NLM DIR Seminar Schedule

AI Pipeline for Characterization of the Tumor Microenvironment

Karla Paniagua, Yufang Jin, Mario Flores

We present an innovative artificial intelligence framework, TG-ME, designed to analyze the tumor microenvironment (TME) using high-resolution spatial transcriptomics datasets. The TME is a complex ecosystem composed of tumor cells, immune cells, fibroblasts, and the extracellular matrix. These elements interact dynamically in both spatial and molecular dimensions, profoundly influencing cancer progression, metastasis, and therapeutic resistance. TG-ME integrates two advanced deep learning models. First, a Transformer model is employed to analyze gene expression data, with a focus on uncovering gene–gene interactions and complex molecular dependencies. Second, a Graph Variational Autoencoder (GraphVAE) model incorporates spatial relationships within the TME, capturing how different cell types and structures are organized and interact within the tumor environment. Together, these models enable TG-ME to provide a comprehensive, multidimensional view of the TME by integrating gene expression, morphology, spatial organization, and cell-type composition.

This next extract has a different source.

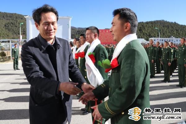 欢送仪式上,州委常委、州委秘书长杨梓江代表州级四套班子寄语退伍军人。他说,回想几年前,你们响应祖国的号召,怀着报效祖国的满腔热情,带着对绿色军营的美好向往,从天南地北汇集在庄严的八一军旗下。你们把人生最宝贵的时光留给了部队,将最美好的回忆留在了绿地军营,用实际行动践行了“做党和人民忠诚卫士”的庄严承诺,履行了保卫国家安全、维护社会稳定、保障人民安居乐业的神圣使命,迪庆州跨越发展的光辉历程中留下了你们的足迹。祝愿你们在新的岗位上再立新功、再创辉煌,并欢迎你们常回第二故乡迪庆看看。部队领导对退伍军人为团队建设作出的贡献表示感谢,勉励他们在新的征程上始终保持人民子弟兵的本色,不忘初心、牢记使命,永远奋斗,做到若有战,召必回。

Applied to non-small cell lung cancer (NSCLC) samples, TG-ME uncovered distinct spatial niches which are specific regions within the TME where unique biological processes are active. These niches were enriched in key cancer-related pathways such as Hypoxia, Epithelial-Mesenchymal Transition (EMT), and Interferon Signaling. Importantly, these spatial features correlated with disease severity and therapeutic resistance, suggesting their potential use as biomarkers for assessing tumor aggressiveness and predicting treatment response. TG-ME also delineated tumor–stroma borders, which play a central role in metastasis and therapy resistance, underscoring the framework’s ability to capture clinically relevant features of the TME.

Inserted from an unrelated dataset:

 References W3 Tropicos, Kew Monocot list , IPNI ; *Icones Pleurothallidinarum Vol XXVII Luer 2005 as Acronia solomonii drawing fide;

Beyond NSCLC, the TG-ME framework holds broad potential for other diseases where the microenvironment plays a critical role. Many pathologies, including autoimmune diseases, chronic inflammatory conditions like Diabetic Foor Ulcer (DFU), neurodegenerative disorders, and cardiovascular disease, involve complex interactions between cells and their surrounding microenvironment that influence disease initiation, progression, and therapeutic outcomes. For example, the immune microenvironment in DFU, the glial–neuronal interactions in Alzheimer’s disease, or the stromal remodeling in fibrotic disorders could all be studied using TG-ME’s integrative approach. By capturing spatial and molecular heterogeneity across these contexts, TG-ME offers a powerful framework not only for cancer biology but also for understanding and treating a wide spectrum of diseases where the cellular microenvironment is a key determinant of pathology.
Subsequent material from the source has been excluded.